Description of the task — From the records, pick out and copy each line containing "shelter".

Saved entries

———

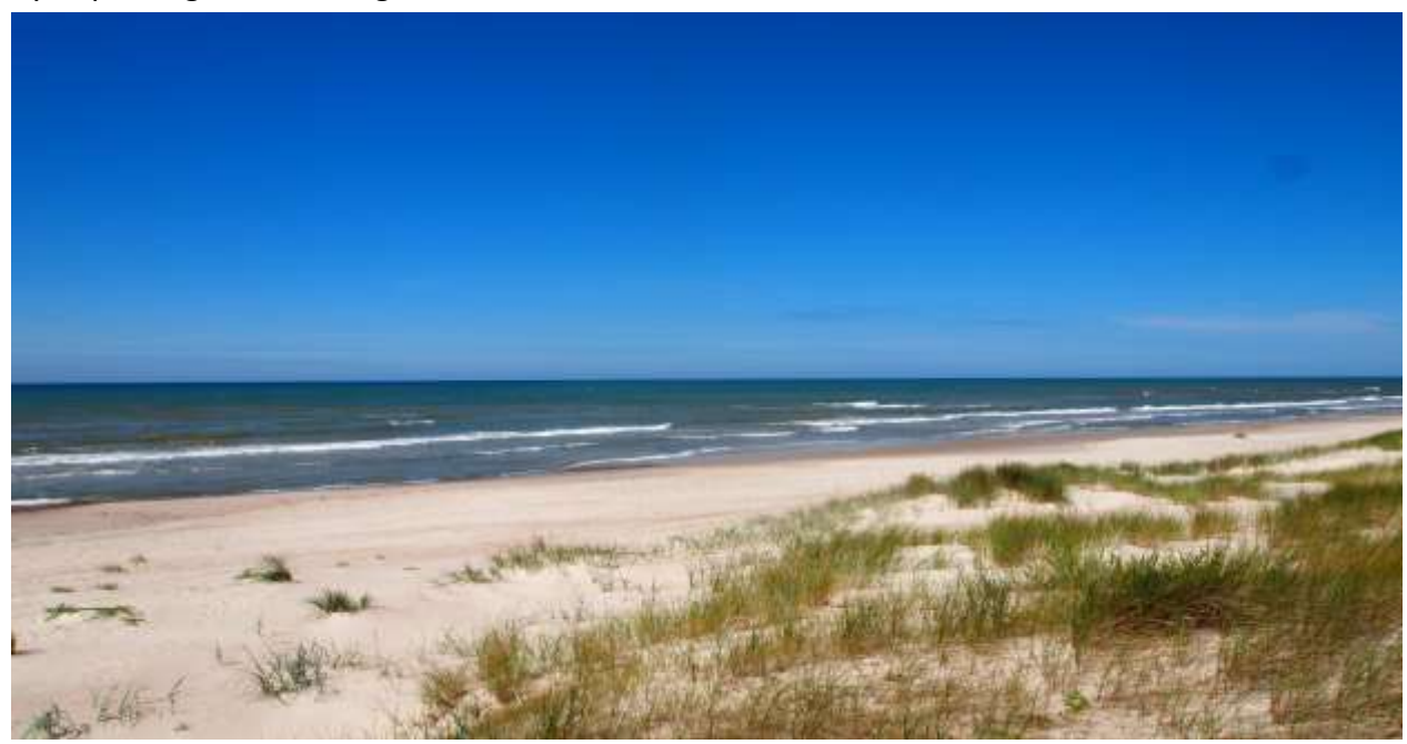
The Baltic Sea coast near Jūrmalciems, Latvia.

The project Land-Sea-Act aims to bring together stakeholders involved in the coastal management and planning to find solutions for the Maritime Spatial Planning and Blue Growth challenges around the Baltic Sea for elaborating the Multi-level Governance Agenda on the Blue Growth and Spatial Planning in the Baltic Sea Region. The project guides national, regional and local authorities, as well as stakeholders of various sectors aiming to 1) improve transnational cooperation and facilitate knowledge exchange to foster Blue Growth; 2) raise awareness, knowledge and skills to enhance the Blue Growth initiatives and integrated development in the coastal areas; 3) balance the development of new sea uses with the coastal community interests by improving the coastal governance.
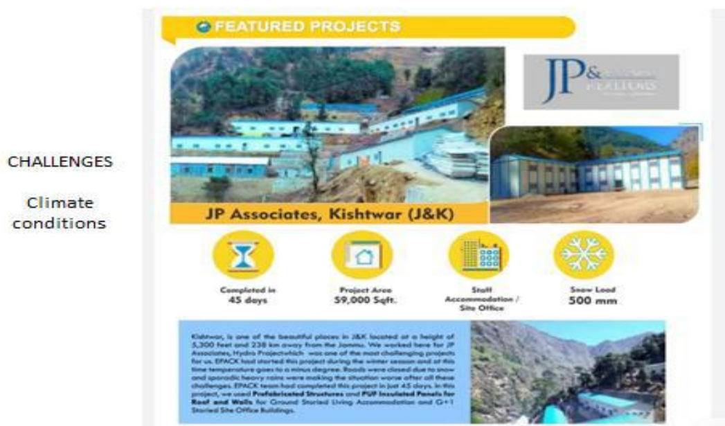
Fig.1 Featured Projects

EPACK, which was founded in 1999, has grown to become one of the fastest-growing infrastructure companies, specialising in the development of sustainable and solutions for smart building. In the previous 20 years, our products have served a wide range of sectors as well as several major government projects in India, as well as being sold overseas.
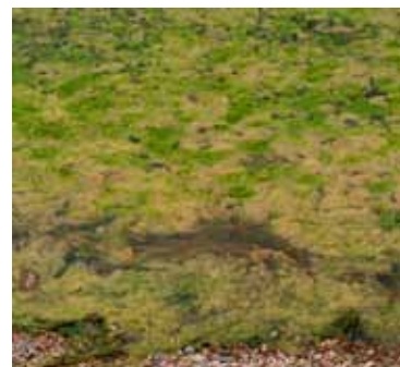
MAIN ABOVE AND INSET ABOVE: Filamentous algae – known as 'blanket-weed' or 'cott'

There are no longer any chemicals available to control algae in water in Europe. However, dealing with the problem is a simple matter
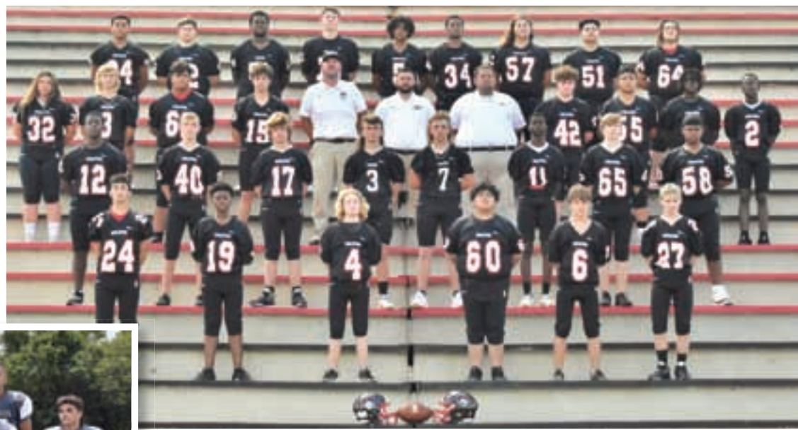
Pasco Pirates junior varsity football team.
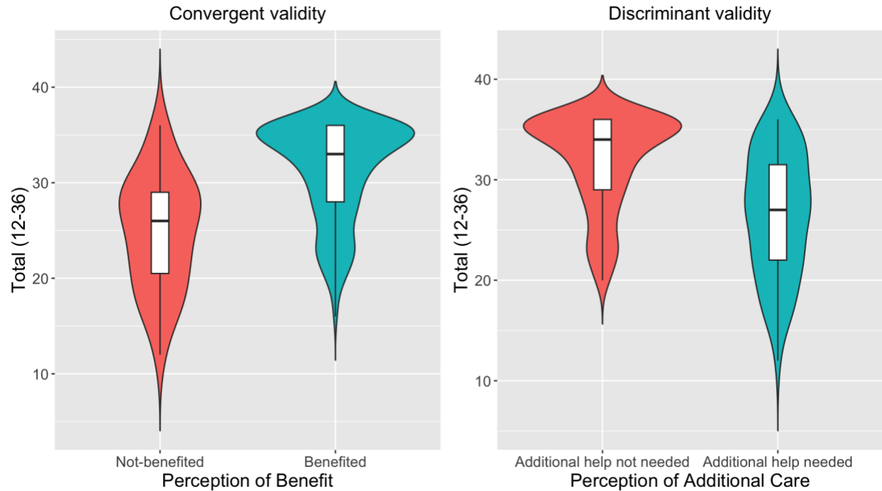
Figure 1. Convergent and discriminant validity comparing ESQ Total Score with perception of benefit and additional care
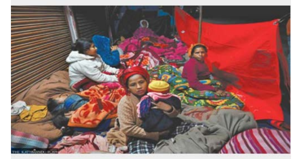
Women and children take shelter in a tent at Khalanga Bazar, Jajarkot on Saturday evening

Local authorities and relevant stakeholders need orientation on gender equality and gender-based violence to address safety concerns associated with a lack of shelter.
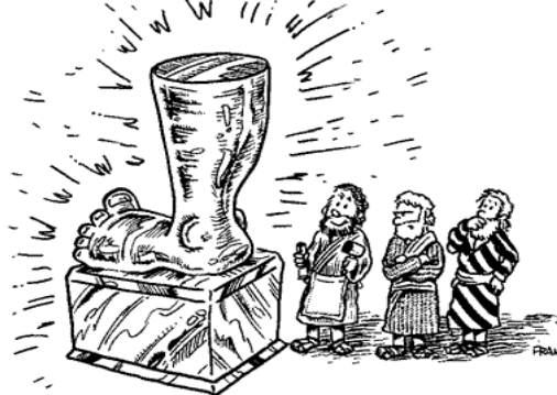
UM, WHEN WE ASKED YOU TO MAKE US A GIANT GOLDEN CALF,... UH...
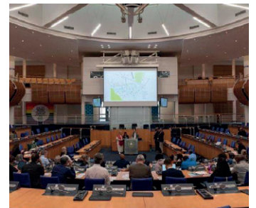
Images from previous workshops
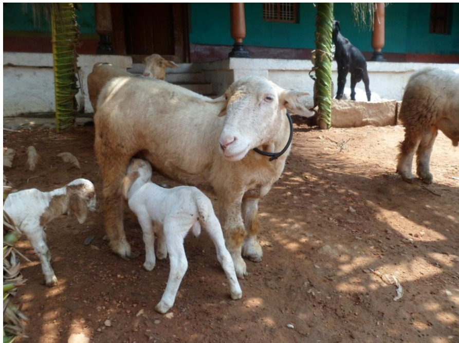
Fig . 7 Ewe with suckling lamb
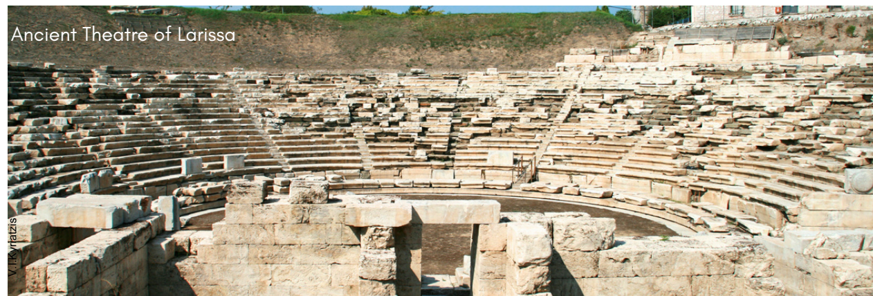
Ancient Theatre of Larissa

———

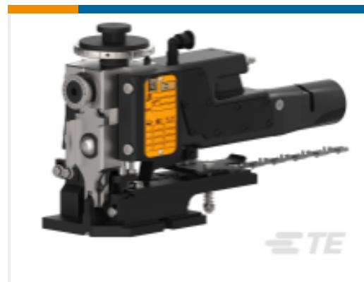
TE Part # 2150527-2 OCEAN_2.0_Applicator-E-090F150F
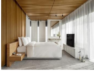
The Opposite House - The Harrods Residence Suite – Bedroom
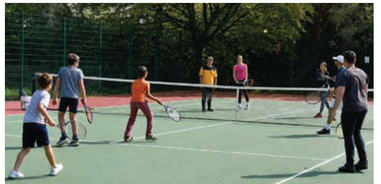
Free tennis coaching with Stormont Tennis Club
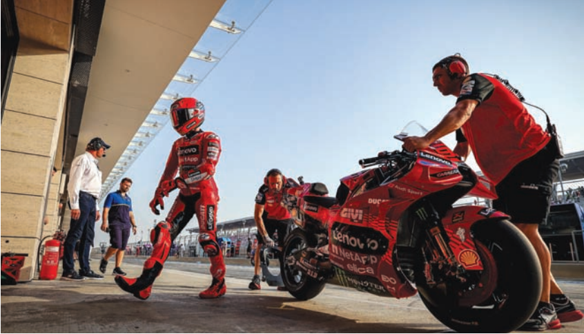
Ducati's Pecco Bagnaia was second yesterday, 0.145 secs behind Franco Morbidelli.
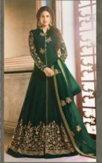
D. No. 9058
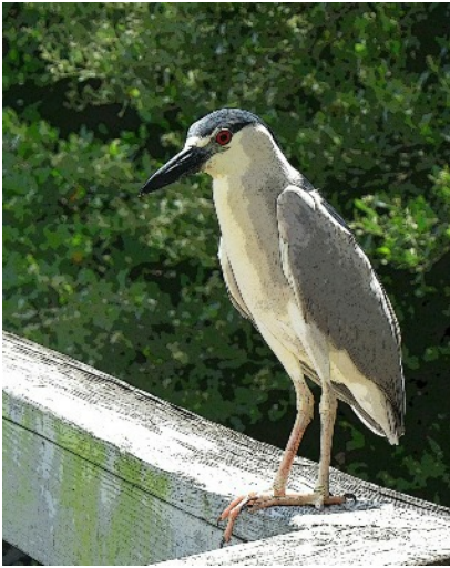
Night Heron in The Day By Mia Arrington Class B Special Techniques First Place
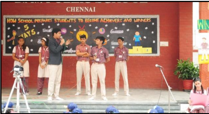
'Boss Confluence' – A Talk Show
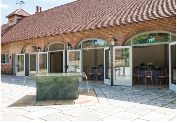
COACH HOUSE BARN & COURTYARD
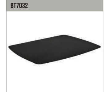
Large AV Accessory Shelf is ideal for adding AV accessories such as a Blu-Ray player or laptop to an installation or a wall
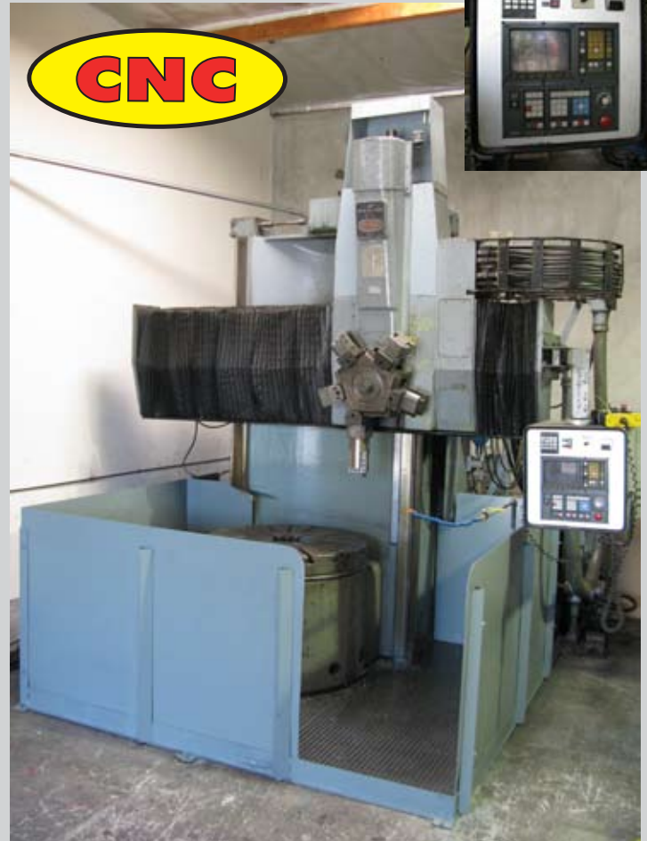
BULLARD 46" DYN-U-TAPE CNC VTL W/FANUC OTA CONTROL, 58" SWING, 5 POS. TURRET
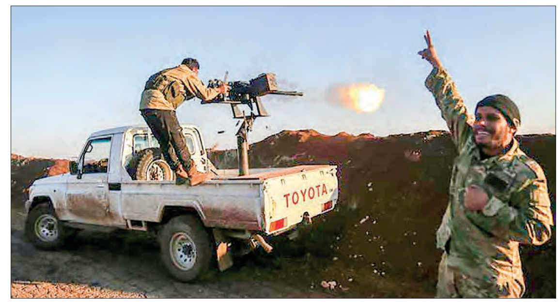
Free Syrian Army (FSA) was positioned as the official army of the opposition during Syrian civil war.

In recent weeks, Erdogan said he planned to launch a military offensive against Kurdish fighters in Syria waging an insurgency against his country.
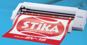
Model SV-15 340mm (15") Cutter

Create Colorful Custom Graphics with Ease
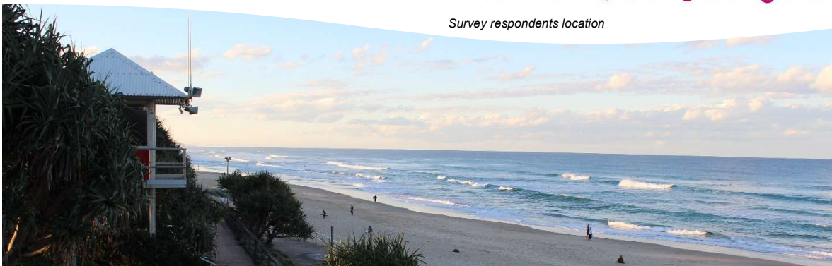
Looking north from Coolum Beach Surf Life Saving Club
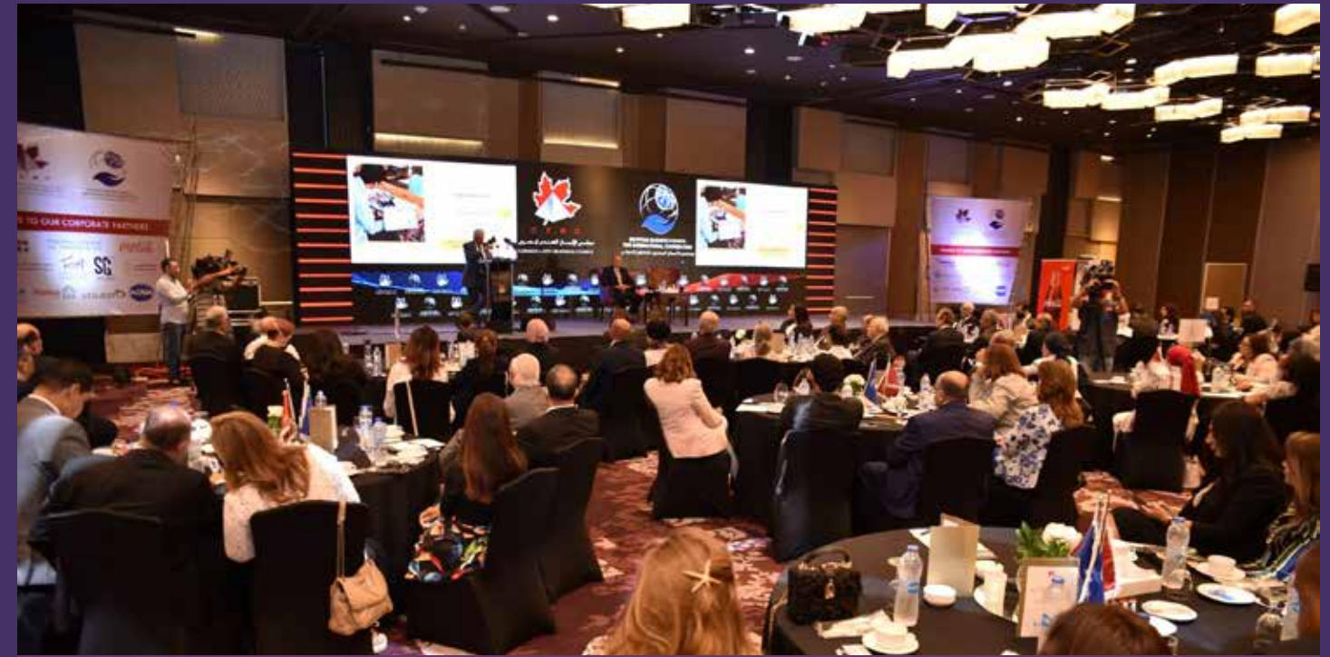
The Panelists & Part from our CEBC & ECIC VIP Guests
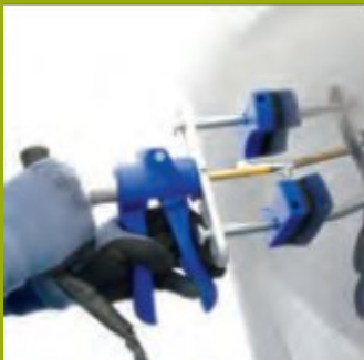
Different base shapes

———

Finished exercise —
Women and children take shelter in a tent at Khalanga Bazar, Jajarkot on Saturday evening
Local authorities and relevant stakeholders need orientation on gender equality and gender-based violence to address safety concerns associated with a lack of shelter.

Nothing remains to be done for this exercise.